-- WORK ORDER --
Set out exactly, line by line, the stretch of data below that begins at the line containing "Knapstone Cottage, 12" and ends at the line containing "1 st Group of hungry club members", with both ends kept.

-- PROVIDED RECORDS --
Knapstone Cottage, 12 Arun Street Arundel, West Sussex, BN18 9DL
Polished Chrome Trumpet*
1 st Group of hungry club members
* * *
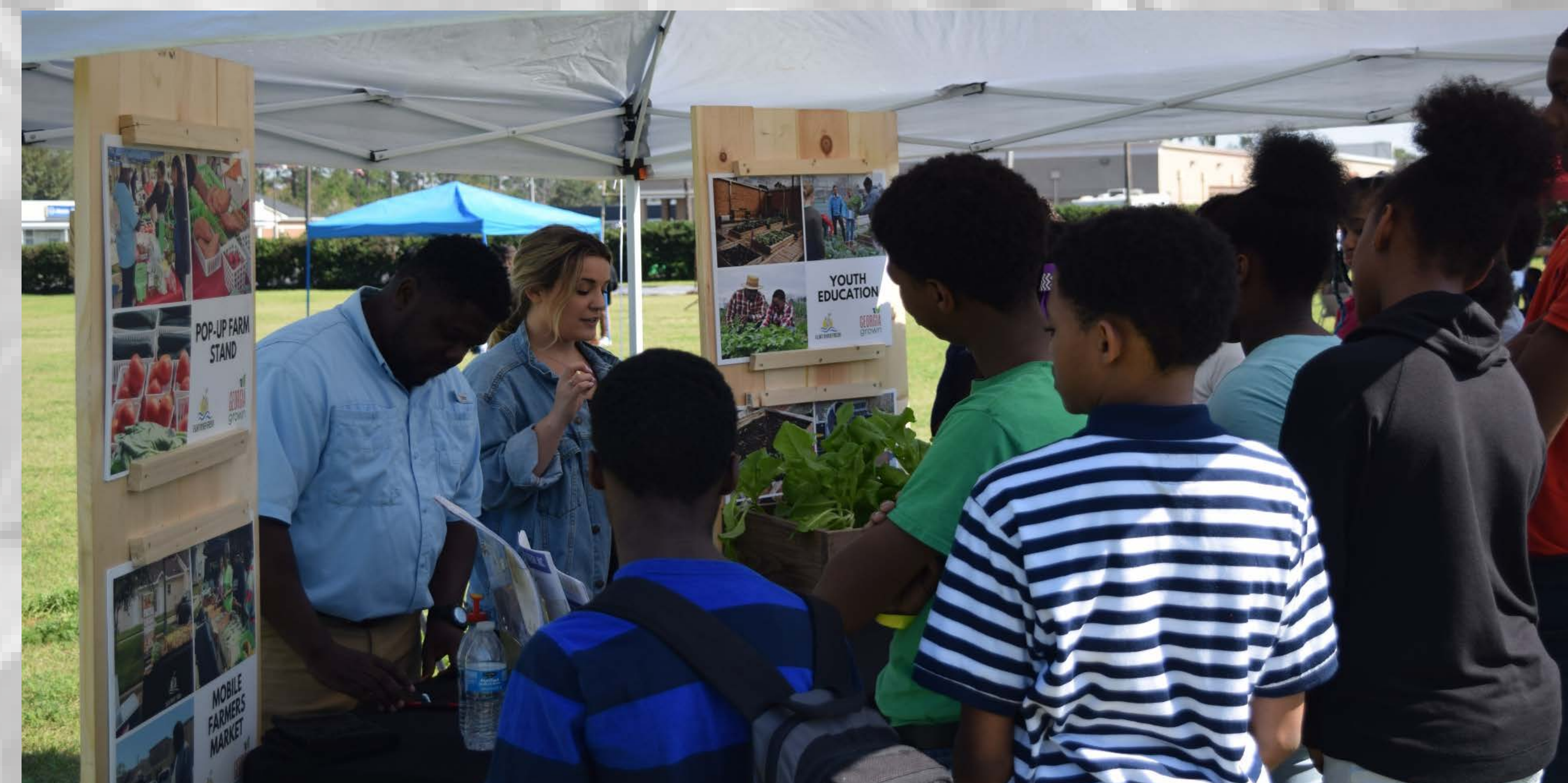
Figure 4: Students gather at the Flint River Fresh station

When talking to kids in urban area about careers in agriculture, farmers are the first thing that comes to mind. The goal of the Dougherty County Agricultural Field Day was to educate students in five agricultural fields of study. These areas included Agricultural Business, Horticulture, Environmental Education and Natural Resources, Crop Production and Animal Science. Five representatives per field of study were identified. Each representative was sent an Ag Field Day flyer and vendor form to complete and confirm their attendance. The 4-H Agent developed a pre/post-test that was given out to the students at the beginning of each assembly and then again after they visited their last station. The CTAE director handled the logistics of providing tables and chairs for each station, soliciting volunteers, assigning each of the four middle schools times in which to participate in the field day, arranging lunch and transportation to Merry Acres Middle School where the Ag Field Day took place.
...
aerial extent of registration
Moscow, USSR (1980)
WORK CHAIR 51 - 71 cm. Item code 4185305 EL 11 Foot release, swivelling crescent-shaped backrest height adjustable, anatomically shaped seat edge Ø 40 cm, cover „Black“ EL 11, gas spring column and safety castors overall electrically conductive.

-- TASK OUTPUT --
Knapstone Cottage, 12 Arun Street Arundel, West Sussex, BN18 9DL
Polished Chrome Trumpet*
1 st Group of hungry club members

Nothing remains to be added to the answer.